● **GIVEN RECORDS**
──────────────────────────────

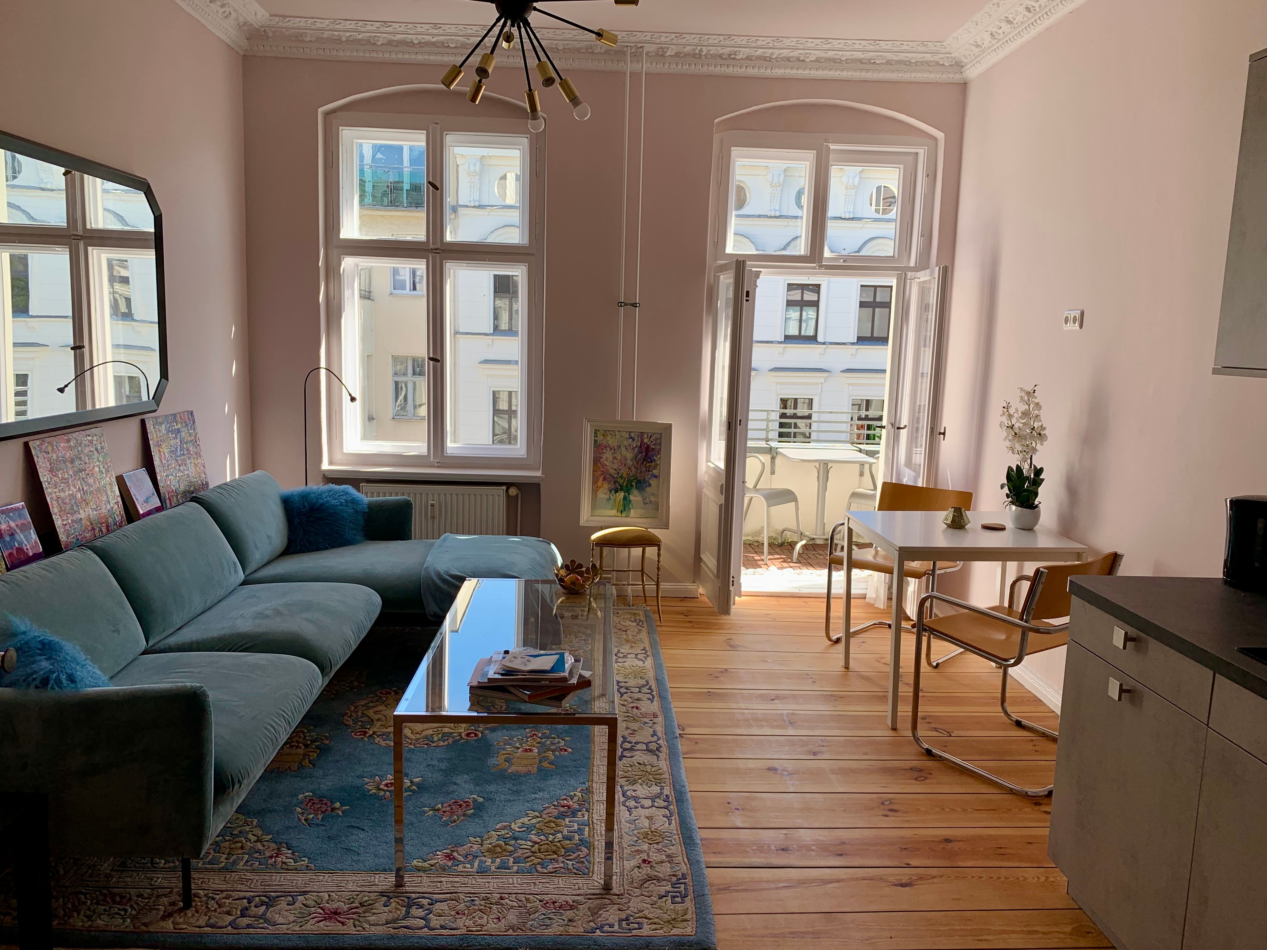 Fully furnished bright & cozy 3-room apartment in Mitte/Prenzlauer Berg with balcony & communal garden. Temporary rent for max. 2 years.
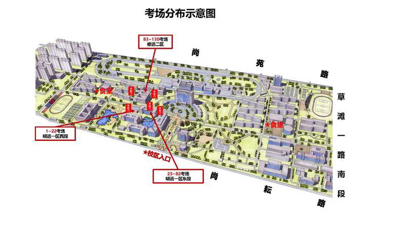 2.南门距离明远教学楼步行大约10分钟,距离修远教学楼步行大约15分钟。请各位考生合理规划出行时间,按时到达考场,开考15分钟后不再允许进入考场。
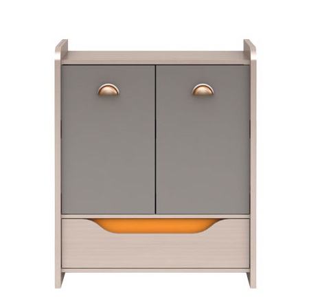 Komoda, která se svým barevným provedením hodí do studentského pokoje, je zdobena prvkem v sytě oranžové barvě. Její vnitřní prostor je vybaven 1 policí, která tak tvoří 2 dílčí úložné prostory. Praktický šuplík v její spodní části je na válečkových kolejničkách, manipulace s ním je velmi snadná a jednoduchá.
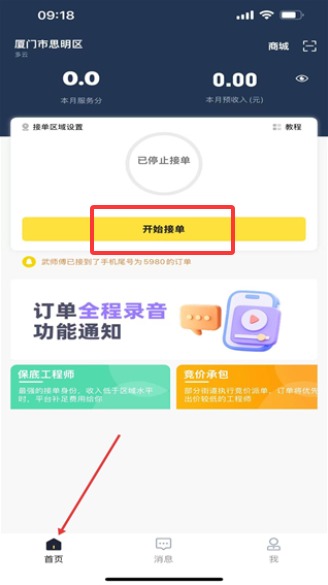 4、首页展示服务数据与预估收入,支持接单区域设置并集成订单录音功能。
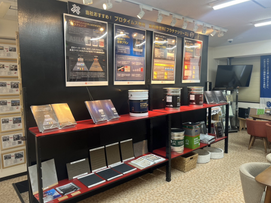 新しくオープンする「川西店」はショールーム機能を持ち、川西市を中心にデザインを重視した実績を多数提示。提案塗料や家の劣化状況をわかりやすく説明するツールもあり、塗料についての疑問にわかりやすくお答えします。※写真は豊中店の展示写真
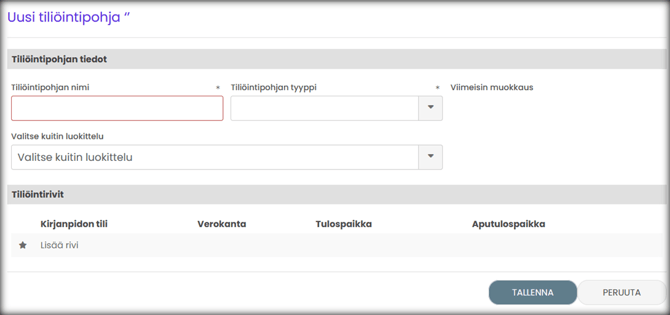 - Tiliöintirivit: Lisää kirjanpidon tilit
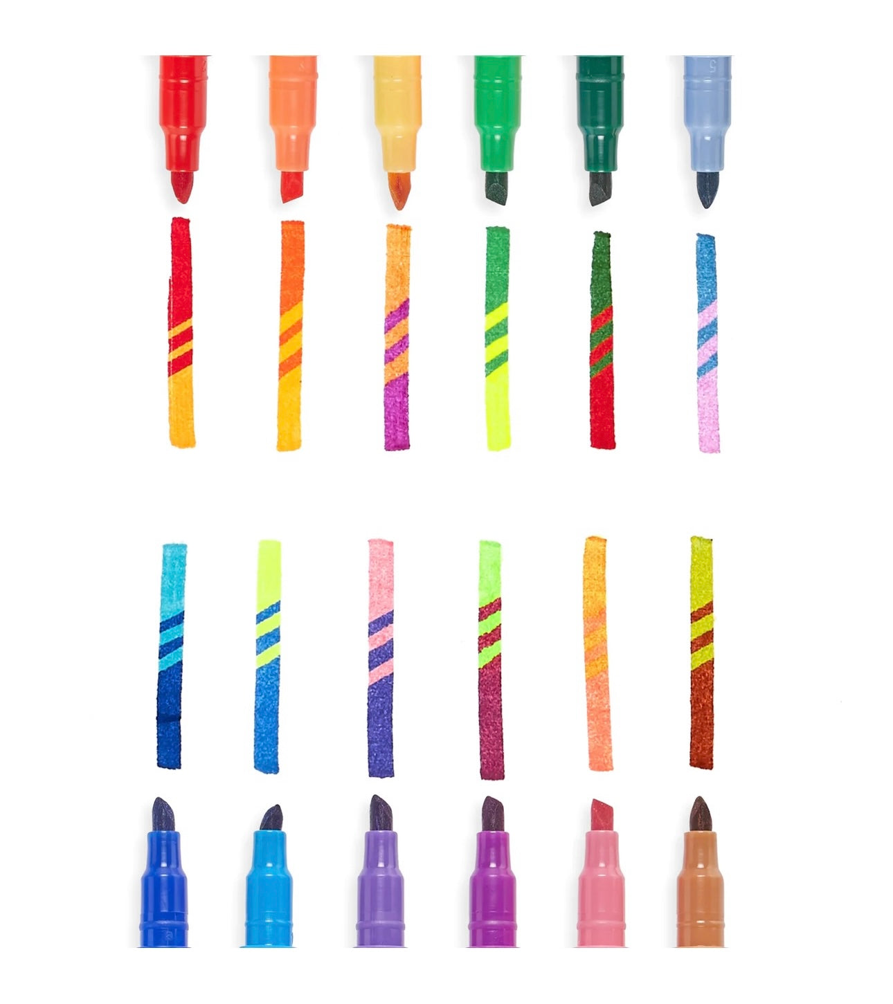 This set of twelve color markers comes with chiseled tips for both thick and thin strokes. Color boldly and then change it up in a different way each time. Just use any of the white ends to draw or color over your colored in area. Make mystery color change designs or turn your entire piece of art on its head by changing everything. Watch wonder unfold as you create a new masterpiece with these one of a kind color markers.
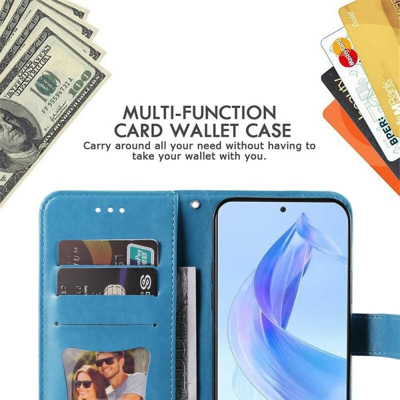 2. Λειτουργία πορτοφολιού: Η δερμάτινη θήκη είναι εξοπλισμένη με υποδοχές για κάρτες και ένα μικρό ποσό μετρητών.

──────────────────────────────

● **WORK INSTRUCTIONS**
Repeat only the lines from the beginning of the material through the line containing "2.南门距离明远教学楼步行大", both ends kept, leaving pictures out.

● **ANSWER TO THIS TASK**
 Fully furnished bright & cozy 3-room apartment in Mitte/Prenzlauer Berg with balcony & communal garden. Temporary rent for max. 2 years.
 2.南门距离明远教学楼步行大约10分钟,距离修远教学楼步行大约15分钟。请各位考生合理规划出行时间,按时到达考场,开考15分钟后不再允许进入考场。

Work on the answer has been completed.